Even so, it would take a while for some of them to die. The crowd was dismissed, but soldiers stood guard over the bloody place. Kashii ordered that no bodies be removed for at least twenty-four hours as an example.

The captain strode over to Goto and smiled. There was blood spattered on Kashii’s uniform. “Well, that ought to keep them in line. If it doesn’t, we’ll do it again and again until it does.”

The man loves to kill, Goto thought, and then laughed harshly to himself. And Omori thought I was a problem. At last, he congratulated himself, I am serving under a real leader.

“Some of the people in Hilo will move out, Captain.” Goto’s intelligence operatives told him that several hundred had already departed and more would follow. In a little while, Hilo could be a ghost town.

“Let them,” Kashii said. “There will be no food for them. They’ll come back.”

“Captain, any more clues as to the murderer or his helpers?”

“The killer was an American.
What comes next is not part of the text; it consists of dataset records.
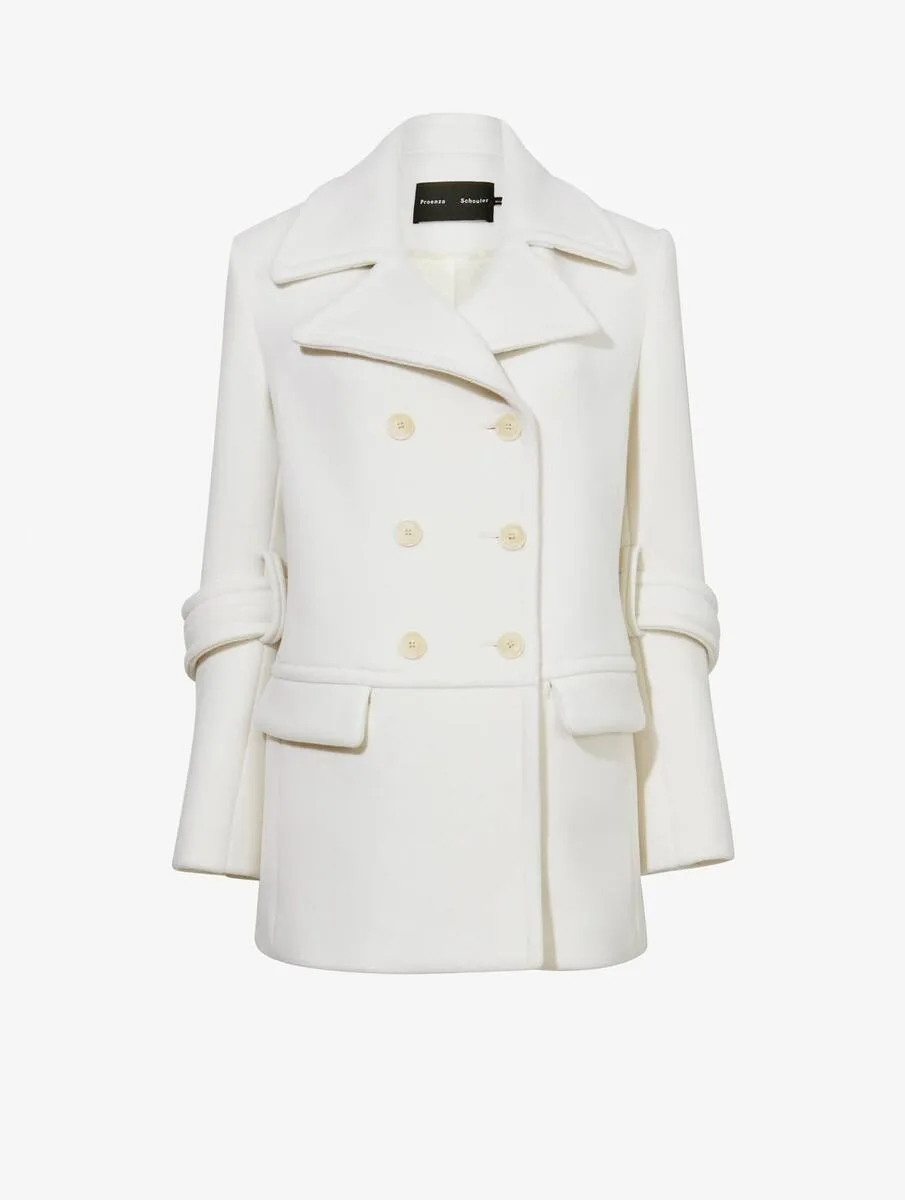 Белоснежное двубортное пальто от Proenza Schouler с чёткой архитектурой плеч, чёрные джинсы скини, астроносы, высокие сапоги на шпильке от Christian Louboutin, тёмные очки и аккуратные кожаные перчатки. Контраст белого и чёрного работает безупречно. Лаконично, графично, очень собрано. Силуэт вытянут, линия ноги подчёркнута, образ выглядит динамичным даже в статике.
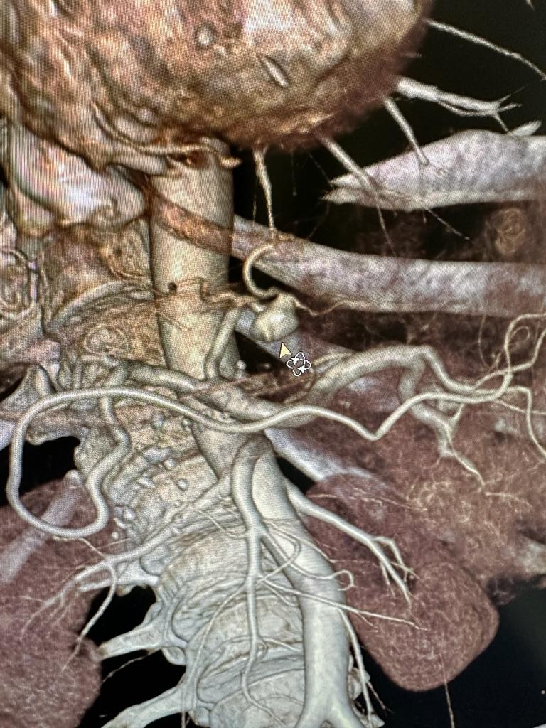 Как всегда неожиданно поступила пациентка 42 лет с внутренним кровотечением. Причину установили быстро — аневризма артериального сосуда, патологическое выпячивание сосудистой стенки, проще говоря «мешок». При определённых обстоятельствах разрыв его может привести к смерти.
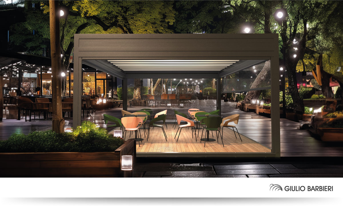 Le produit pergola à toit rétractable Arcadia du fabricant Giulio Barbieri classé dans la catégorie Menuiseries extérieures > Vérandas - bow windows - marquises - pergola > Auvents - marquises - pergola est référencé dans la Matériauthèque digitale Materiaux.archi.
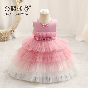 跨境童装儿童礼服拼色公主裙女婴儿宝宝周岁生日宴会裙...
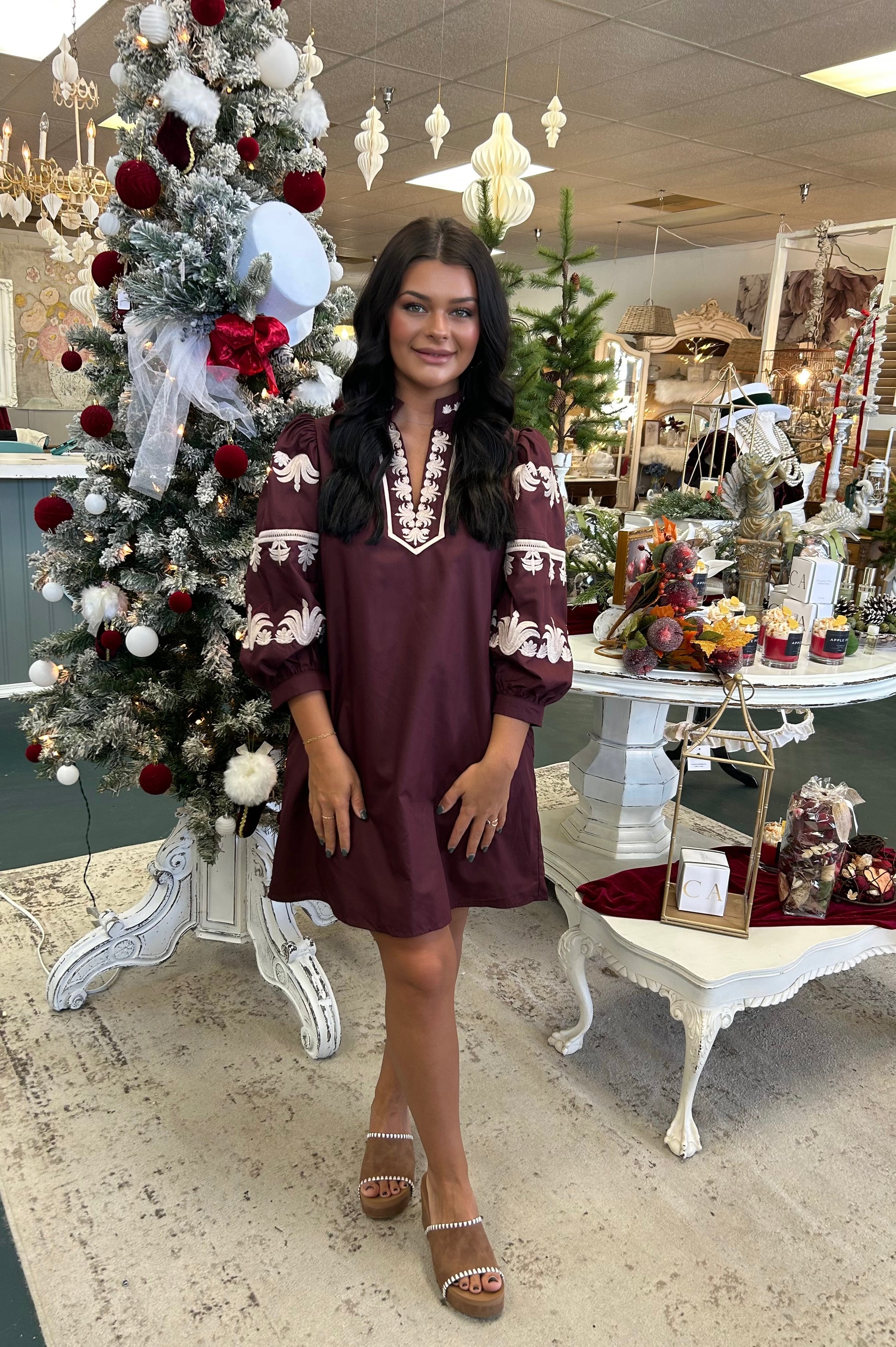 Solid 3/4 puff sleeve mini dress with gathered sleeve openings featuring contrast embroidery along split neckline, collar and sleeves. Side pockets. Lined. Woven. Non-sheer. Lightweight.

One had been seen skulking around the day before, but it was unreported and apparently had happened earlier under the lax administration of my predecessor. But no, I did not get any information regarding specific assistance given to the assassin. Now I don’t need it. A message has been sent. I am confident it will not happen again.”

Goto agreed with Kashii. The Americans would be cowed by what had happened and would not attempt such a murder again. Unless, of course, someone struck at Kashii in revenge for this day. Goto saw how the captain’s actions might have launched a spiral of violence.

Good, he thought. Finally, he felt he was serving under a Japanese warrior.